Custom operators and observables

Custom operators and observables#

NetKet exposes several extension paths for custom observables and operators. They differ in how much you implement yourself, whether gradients come for free, and whether expect_to_precision() works automatically. All three rely on NetKet’s multiple-dispatch extension mechanism; if you need the background first, start with Overriding defaults in NetKet and in particular NetKet Architecture: Multiple Dispatch.

Use the table below as the entry point, then jump to the tutorial section that matches the interface you want to implement.

Path

What you implement

expect()

expect_and_grad()

expect_to_precision()

Best when

Start here

Scalar operator kernel interface

Subclass AbstractOperator, then define get_local_kernel_arguments() and get_local_kernel().

Automatic

Automatic

Automatic for scalar local estimators

The observable is a standard operator whose expectation is the mean of one local-estimator channel.
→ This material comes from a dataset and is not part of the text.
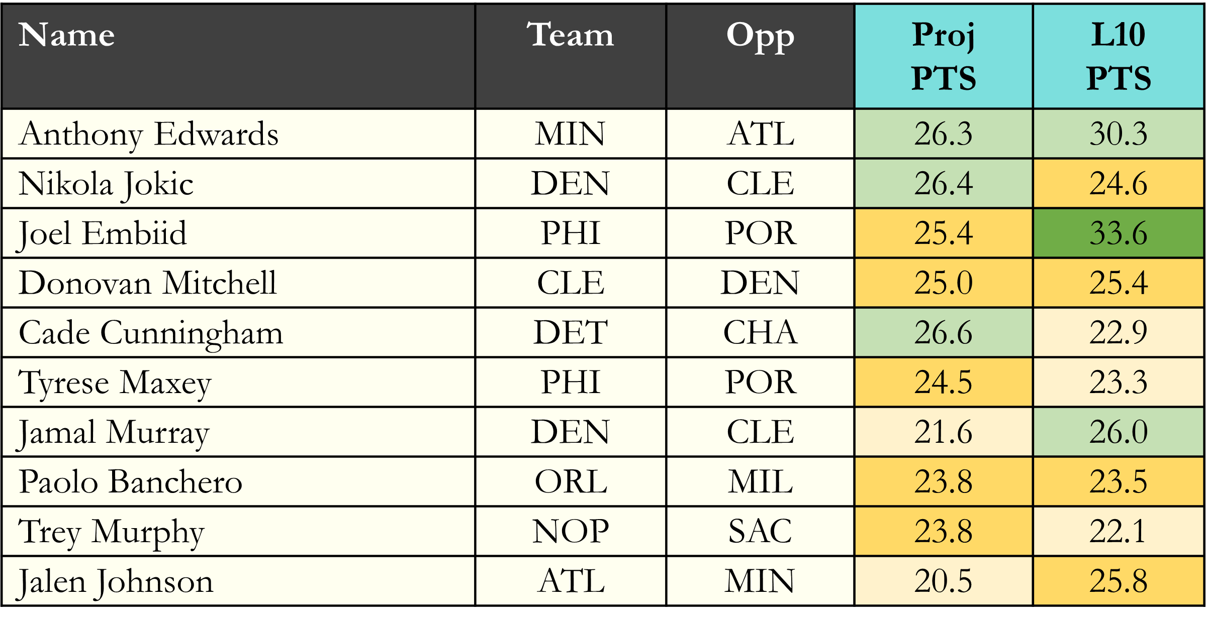 Top players in points scored according to Rotowire & NBA.com, which is available in the table(s) below. Overall rank is based on daily projections, last 10 average, and season averages, which is stack ranked amongst peers for each objective. When there is a single objective, the three data points are still used to stack rank the players vs. ranking solely on projections. For tome+ members, all active player stats are available in the provided data file. Omission of certain players would be based on injuries at the time of data pull.

Example: the lean operator-kernel interface

Explicit local_estimators() dispatch

Register local_estimators() and return either LocalEstimators or LocalEstimatorsBatch.

Automatic

No

Automatic

You need multi-channel local estimators, delta-method error propagation, or expect_to_precision() without gradients.

Example: V-score custom operator

Explicit observable dispatch

Register expect() for your custom observable, and optionally expect_and_grad().

Yes

Only if you define it

No

You want full control over the computation, or the observable does not fit NetKet’s local-estimator interfaces.